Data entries
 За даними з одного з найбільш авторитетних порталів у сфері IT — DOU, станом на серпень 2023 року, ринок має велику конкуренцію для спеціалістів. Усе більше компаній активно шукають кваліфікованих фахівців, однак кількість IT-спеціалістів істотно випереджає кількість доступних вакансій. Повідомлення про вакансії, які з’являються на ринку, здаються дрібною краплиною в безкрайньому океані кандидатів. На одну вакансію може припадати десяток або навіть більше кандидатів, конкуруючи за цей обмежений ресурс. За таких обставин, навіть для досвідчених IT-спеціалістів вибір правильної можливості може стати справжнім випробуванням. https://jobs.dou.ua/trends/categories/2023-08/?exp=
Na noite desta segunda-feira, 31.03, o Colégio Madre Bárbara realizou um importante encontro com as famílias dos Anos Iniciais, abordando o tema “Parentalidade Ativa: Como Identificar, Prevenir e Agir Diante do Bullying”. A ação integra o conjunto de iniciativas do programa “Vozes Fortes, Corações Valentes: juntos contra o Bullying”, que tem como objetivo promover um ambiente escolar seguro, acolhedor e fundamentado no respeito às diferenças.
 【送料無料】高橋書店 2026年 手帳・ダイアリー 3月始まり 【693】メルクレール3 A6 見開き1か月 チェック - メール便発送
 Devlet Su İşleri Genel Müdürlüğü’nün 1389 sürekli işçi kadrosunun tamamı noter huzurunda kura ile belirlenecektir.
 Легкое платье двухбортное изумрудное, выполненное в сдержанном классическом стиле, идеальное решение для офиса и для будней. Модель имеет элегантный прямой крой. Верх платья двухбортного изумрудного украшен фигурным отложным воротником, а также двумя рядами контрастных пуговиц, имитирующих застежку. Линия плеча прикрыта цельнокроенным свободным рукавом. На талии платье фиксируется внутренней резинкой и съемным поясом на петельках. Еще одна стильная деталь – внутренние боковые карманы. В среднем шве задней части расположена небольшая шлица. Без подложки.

- [Problem to solve]:
The records above need to be retyped in full, exactly as they stand.

- [Task result]:
 За даними з одного з найбільш авторитетних порталів у сфері IT — DOU, станом на серпень 2023 року, ринок має велику конкуренцію для спеціалістів. Усе більше компаній активно шукають кваліфікованих фахівців, однак кількість IT-спеціалістів істотно випереджає кількість доступних вакансій. Повідомлення про вакансії, які з’являються на ринку, здаються дрібною краплиною в безкрайньому океані кандидатів. На одну вакансію може припадати десяток або навіть більше кандидатів, конкуруючи за цей обмежений ресурс. За таких обставин, навіть для досвідчених IT-спеціалістів вибір правильної можливості може стати справжнім випробуванням. https://jobs.dou.ua/trends/categories/2023-08/?exp=
Na noite desta segunda-feira, 31.03, o Colégio Madre Bárbara realizou um importante encontro com as famílias dos Anos Iniciais, abordando o tema “Parentalidade Ativa: Como Identificar, Prevenir e Agir Diante do Bullying”. A ação integra o conjunto de iniciativas do programa “Vozes Fortes, Corações Valentes: juntos contra o Bullying”, que tem como objetivo promover um ambiente escolar seguro, acolhedor e fundamentado no respeito às diferenças.
 【送料無料】高橋書店 2026年 手帳・ダイアリー 3月始まり 【693】メルクレール3 A6 見開き1か月 チェック - メール便発送
 Devlet Su İşleri Genel Müdürlüğü’nün 1389 sürekli işçi kadrosunun tamamı noter huzurunda kura ile belirlenecektir.
 Легкое платье двухбортное изумрудное, выполненное в сдержанном классическом стиле, идеальное решение для офиса и для будней. Модель имеет элегантный прямой крой. Верх платья двухбортного изумрудного украшен фигурным отложным воротником, а также двумя рядами контрастных пуговиц, имитирующих застежку. Линия плеча прикрыта цельнокроенным свободным рукавом. На талии платье фиксируется внутренней резинкой и съемным поясом на петельках. Еще одна стильная деталь – внутренние боковые карманы. В среднем шве задней части расположена небольшая шлица. Без подложки.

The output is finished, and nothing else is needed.